Task requirements: Repeat exactly the lines of the material below that run from the "There are high" line to the "为了让游客能有更好的采菌体验" line, including both, and do not carry over any pictures.

Material for the task:
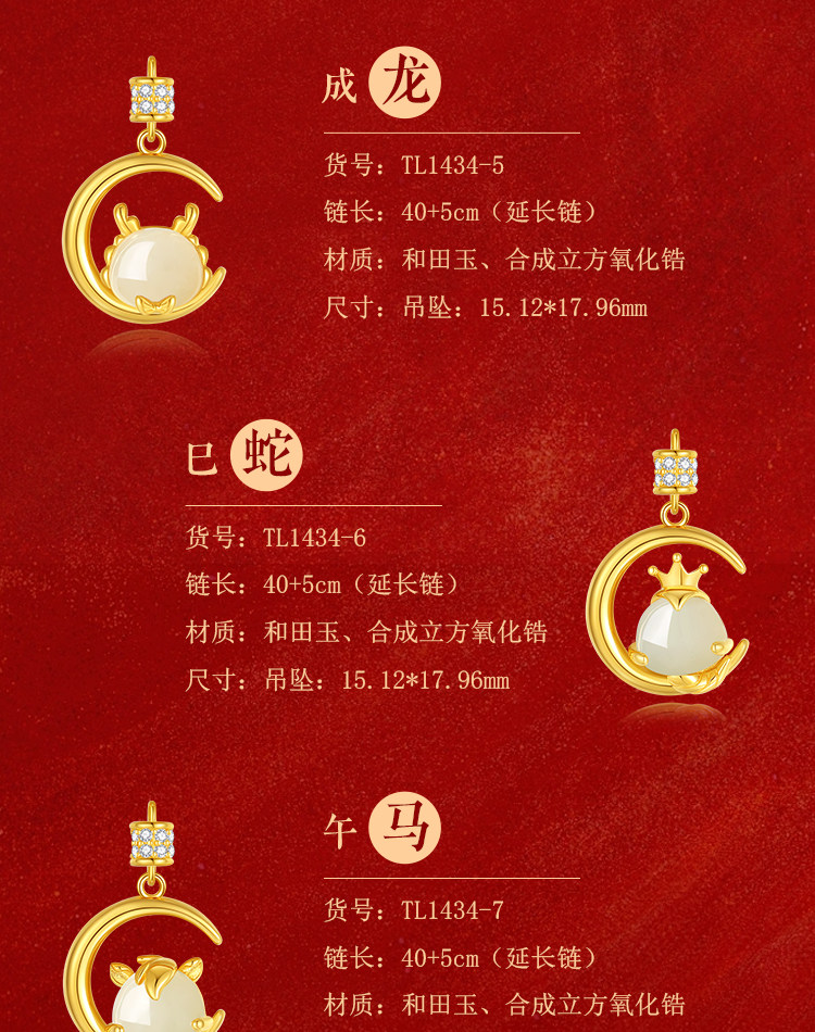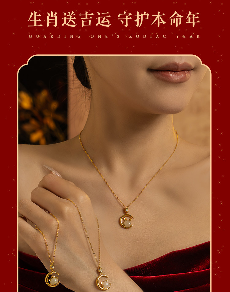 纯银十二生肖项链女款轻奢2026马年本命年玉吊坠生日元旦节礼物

==

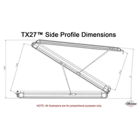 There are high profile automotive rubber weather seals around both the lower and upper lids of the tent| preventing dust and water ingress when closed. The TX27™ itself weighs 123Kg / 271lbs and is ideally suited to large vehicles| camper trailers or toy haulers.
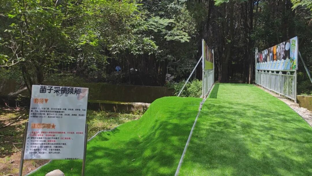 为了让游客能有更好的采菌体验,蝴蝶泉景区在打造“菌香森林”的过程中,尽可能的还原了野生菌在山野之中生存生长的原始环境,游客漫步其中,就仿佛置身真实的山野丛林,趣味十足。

Written answer:
 There are high profile automotive rubber weather seals around both the lower and upper lids of the tent| preventing dust and water ingress when closed. The TX27™ itself weighs 123Kg / 271lbs and is ideally suited to large vehicles| camper trailers or toy haulers.
 为了让游客能有更好的采菌体验,蝴蝶泉景区在打造“菌香森林”的过程中,尽可能的还原了野生菌在山野之中生存生长的原始环境,游客漫步其中,就仿佛置身真实的山野丛林,趣味十足。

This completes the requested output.